Joe cracked up and said, “Yeah, she needed to see Toots.  You should’ve seen how FUZZY her hair was!  I didn’t want to say anything to her, but her hair looked pretty wild.”

Me:  “You did tell her that, Joe…”

Joe:  “Is that right?  (laughing) Well, SOMEONE had to tell her!”

We all cracked up.

The housekeepers were telling me about their weekend trip to Seattle, and how they got stuck in terrible traffic.

Me:  “Seattle traffic is the WORST!”

Housekeepers:  “Well it was even worse than usual because they had a section of the city closed off for the Naked Bike Ride…”

Joe was napping in his chair while we were talking, but he perked up when he heard “Naked Bike Ride”.

Joe:  “What’s that you said?”

I explained to him how in Portland and Seattle a group of folks get together and ride their bikes through the city naked.

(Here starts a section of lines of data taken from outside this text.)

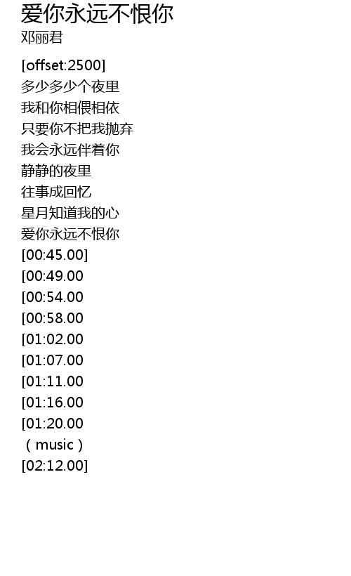 | [02:04.00][01:20.00] | ài nǐ yǒng yuǎn bù hèn nǐ |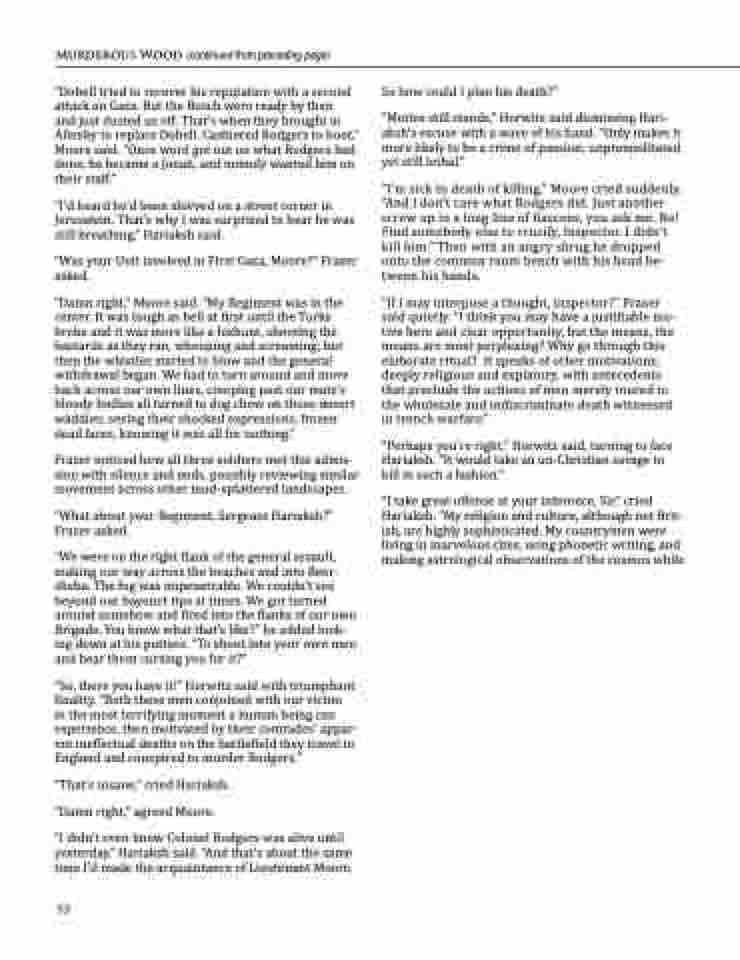 “If I may interpose a thought, Inspector?” Frazer said quietly. “I think you may have a justifiable mo- tive here and clear opportunity, but the means, the means are most perplexing? Why go through this elaborate ritual? It speaks of other motivations; deeply religious and expiatory, with antecedents that preclude the actions of men merely inured to the wholesale and indiscriminate death witnessed in trench warfare.”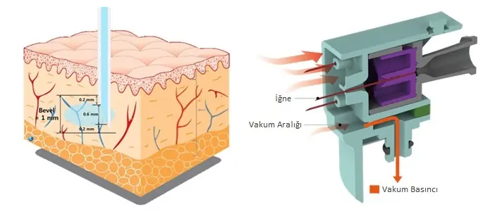 5’li veya 9’lu çoklu iğne sistemine sahip Vital Injector 2, şırınga tipini, İlaç dozajını, iğne penetrasyon derinliğini ve enjeksiyon hızını ayarlayarak güvenli ve doğru tedaviler sağlar. 0,2 mm'lik artışlarla 0 mm'den 5 mm'ye kontrollü derinlik ayarı, çoğu kolajen ve elastinin bulunduğu deri altı bölgesini hassas bir şekilde hedefleyen özel bir tedaviye olanak tanır. Farklı viskozite formülasyonları ile çalışabilme imkanı sunmaktadır. Ayrıca kullanışlı akustik alarm sinyali ile kolayca kullanılmaktadır.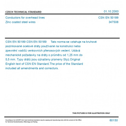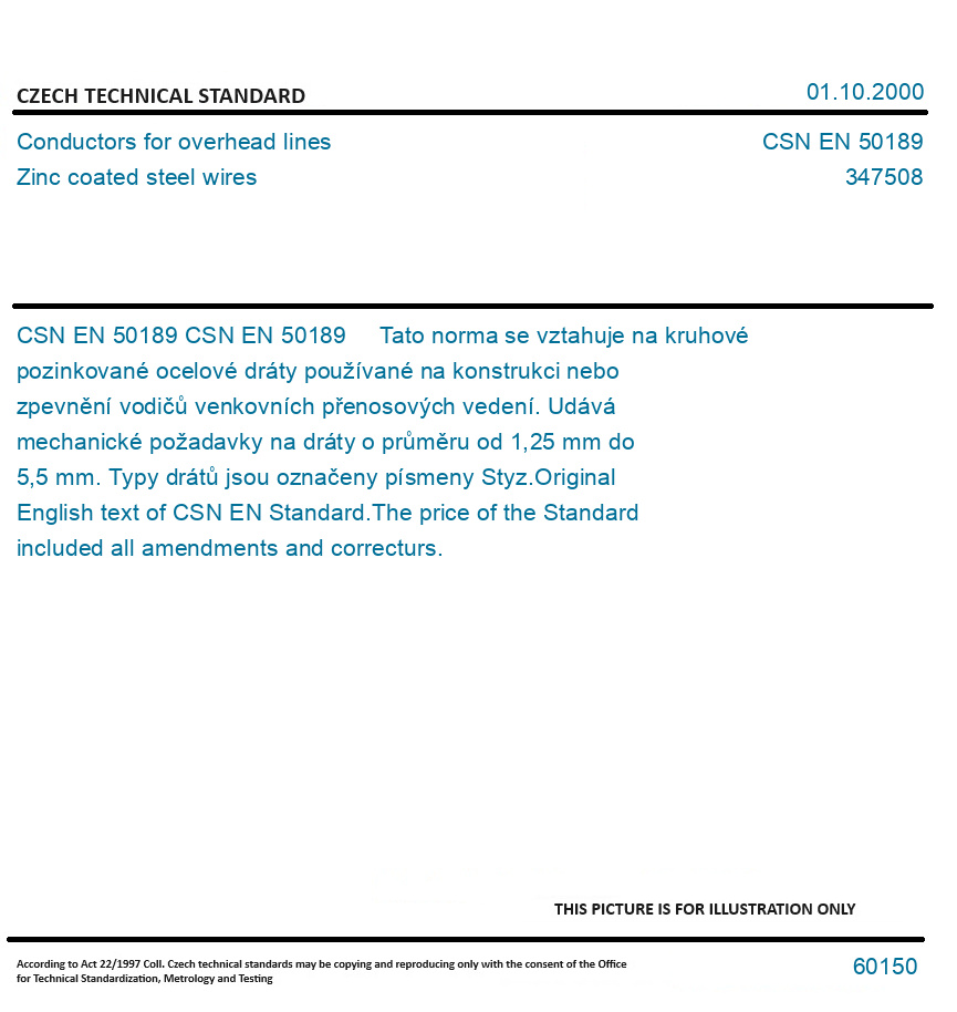 CSN EN 50189 Tato norma se vztahuje na kruhové pozinkované ocelové dráty používané na konstrukci nebo zpevnění vodičů venkovních přenosových vedení. Udává mechanické požadavky na dráty o průměru od 1,25 mm do 5,5 mm. Typy drátů jsou označeny písmeny Styz. Original English text of CSN EN Standard. The price of the Standard included all amendments and correcturs.
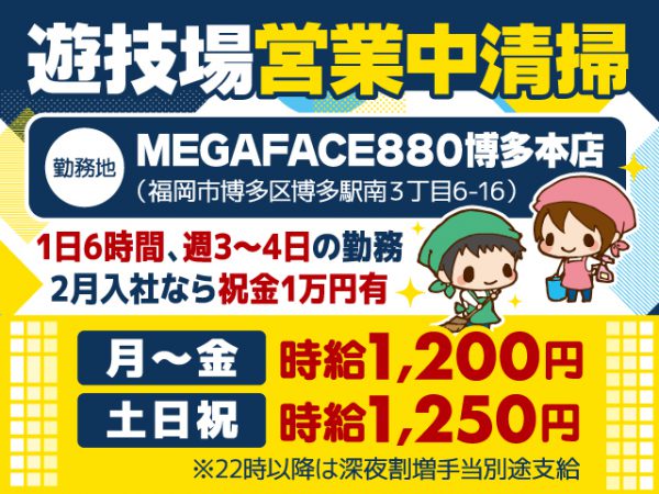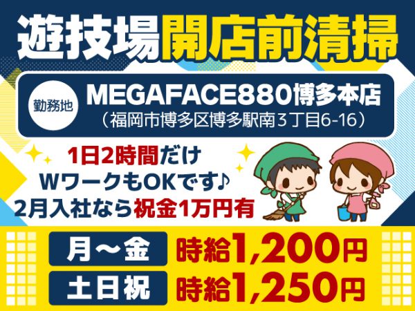 福岡市博多区/開店前清掃パート/1日2時間/未経験歓迎/残業なし/株式会社 岩田/2026.02.06公開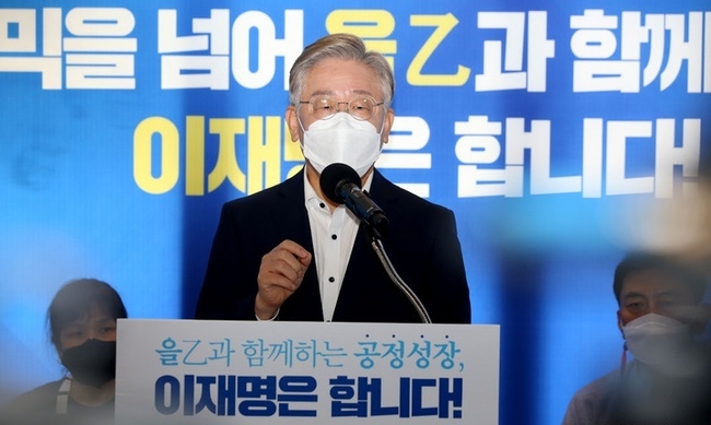 이 지사는 이날 '을 권리보장' 공약을 발표하는 기자간담회가 끝난 뒤 취재진과의 질의응답에서 "이유는 '코로나 대응용인데 내년엔 필요 없다, 끝났다'는 것인데 내년에 팬데믹이 끝난다고 누가 그러냐"며 이같이 말했다.

Joe raised his eyebrows and giggled:  “Naked?!”

Housekeepers:  “Yep.  Some people are into that kind of stuff…”

Joe:  “It doesn’t seem like that would be very comfortable.”

We all agreed with him and were unanimous in saying, “I know!  I’d never do it in a million years.”

Joe looked very concerned:  “Yeah, but I mean…It’d be worse for guys.  I mean…their parts could get caught up in the spokes!”

We all cracked up.  The housekeepers said, “I hadn’t thought of it exactly like that…”

Joe:  “Well you’d better really think about it before you just get naked and jump on a bike!  I hope they warn people about that!”

I attempted to look serious when I said, “I’ll be sure to call them up and tell them to add your warning to the flyers that they hand out to everybody.”

Joe:  “Yeah, that’s a good idea.”

THUD THUMP THUD – George went back to reclining in his chair and napping.